Todd and Lori Collins rebuilt their Whiteville jewelry store, which was flooded by more than 2 feet of water during Hurricane Florence.
A year after Hurricane Florence wreaked $24 billion in damage across the state, hard-hit Columbus County is fighting its way back with a little help from jaguars, tigers, lions and leopards. They will inhabit the new Shizzy’s Wildcat Rescue nonprofit in Fair Bluff, a $400,000 investment led by Shazir Haque that attracts tourists heading to the nearby beaches.
“We just love animals,” says Haque, who lives in Greensboro. “When somebody does something foolish like purchasing a big cat for a pet, we want to create a home where they can go forever when they have to give them up.”
Like adjacent southeastern North Carolina inland counties, Columbus is remaking itself after stormy weather compounded an already struggling economy. Shizzy’s is taking shape at a flooded-out Ford dealership that deeded its 56 acres on the Lumber River to the 27-year-old entrepreneur. The project is a needed bright spot for a county where a fourth of the residents live in poverty.
In Whiteville, Columbus County Chamber of Commerce President Jennifer Holcomb says many Lake Waccamaw residents are rebuilding, and business owners such as Todd and Lori Collins, who run Collier’s Jewelers Inc., flooded by both hurricanes Florence and Matthew two years earlier, have bounced back a second time. “From downtown Whiteville’s perspective, they’re a ray of hope for us as an anchor store,” Holcomb says.
After Florence, the chamber quickly raised $40,000 for a North Carolina Small Business Recovery Fund, aided by contributions from other N.C. chambers and groups.

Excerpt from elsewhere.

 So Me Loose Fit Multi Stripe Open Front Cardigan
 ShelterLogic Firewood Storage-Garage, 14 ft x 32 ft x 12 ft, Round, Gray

It then awarded $500 grants to business owners seeking to recover. “The reality is,” Holcomb says, “a $500 grant isn’t going to replace inventory or re-floor your store, but if nothing else, it’ll show the community cares.”

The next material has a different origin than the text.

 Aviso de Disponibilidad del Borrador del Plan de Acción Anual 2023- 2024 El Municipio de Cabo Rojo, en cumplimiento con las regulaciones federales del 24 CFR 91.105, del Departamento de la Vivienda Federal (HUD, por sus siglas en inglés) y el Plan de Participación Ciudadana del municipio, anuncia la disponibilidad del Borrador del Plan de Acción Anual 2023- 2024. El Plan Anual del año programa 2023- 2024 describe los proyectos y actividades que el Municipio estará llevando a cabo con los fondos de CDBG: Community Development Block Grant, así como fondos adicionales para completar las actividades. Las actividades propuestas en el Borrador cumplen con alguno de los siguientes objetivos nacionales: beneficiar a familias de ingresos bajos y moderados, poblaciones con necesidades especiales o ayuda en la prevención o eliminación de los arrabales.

Unfortunately, the county took another blow when Cary-based Cornerstone Building Brands Inc. closed its vinyl-fencing plant in Fair Bluff in August. About 42 of the site’s 58 former employees found other jobs within a month, Columbus County Economic Development Director Gary Lanier says. With a general uptick in business and the county’s population down by about 2,500 since 2010, according to Census Bureau estimates, the unemployment rate is at 5.6%, compared with 13.6% five or six years ago.

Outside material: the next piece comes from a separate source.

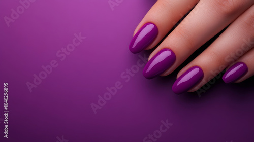close up view of hand with beautifully manicured nails painted in vibrant purple color, set against matching purple background. glossy finish adds touch of elegance and sophistication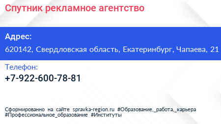 Спутник, рекламное агентство по адресу 620142, Свердловская область, Екатеринбург, Чапаева, 21 в дальнейшем Организация, размещена в следующих категориях:

“Some of the worst news that a town that’s already on its knees can get is that one of your major employers is shutting down,” he says. “But the positive note is the overall economy is pretty good, and a lot of factories around the county are looking for quality people.” Local economic pillars include International Paper Co. with 700 employees and Tabor City’s Atlantic Packaging, a maker of packaging materials and equipment that employs 200.
Fears that more frequent, intense floods are in store inhibit investment. Haque, who has a master’s degree from UNC Greensboro, is elevating movable enclosures for his animals. “Climate change is real,” Lanier says. “The water is going to keep rising, and storms are going to be more significant. It’s going to happen again.”
Now, with scant local resources, much of the rebuilding so far has come from elsewhere, including investors such as Haque, whose engineer father brought the family to North Carolina from Pakistan four years ago. “Any significant revitalization is going to have to come from somebody with compassion and passion for the area who wants to take a significant risk in identifying small, niche shops,” Holcomb says.
Haque has relied on social media appeals and support from celebrities such as Canadian actress Jessica Parker Kennedy, known for her role in television’s Smallville, to raise the refuge’s seed money. “The owners of the dealership deeded the property to us, which is allowing us to use what we’re raising to build,” he says.
State and federal programs are providing area communities with more than $11 million for repairing and rebuilding municipal drainage and water systems and $8.2 million to buy flooded homes or repair salvageable ones. But progress is excruciatingly slow, hampered by limited funds and red tape such as asbestos-removal regulations, says Al Leonard Jr., who serves as town manager of Tabor City and nearby hamlets including Fair Bluff, Cerro Gordo and Boardman.
“In Fair Bluff, 72 homes were destroyed,” he says. “Some have applied to be bought out and others repaired and elevated. That has begun. We’ve got three houses done, 69 to go.”
Without a buyout program for commercial buildings, he says the region can’t attract new businesses. One sign of hope is an $800,000 federal award to Tabor City to convert a former Heilig-Meyers furniture store into a business incubator. But even that comes with a sober reality. “We’re in the middle of the poverty belt, and local governments certainly aren’t flush with cash,” Leonard says.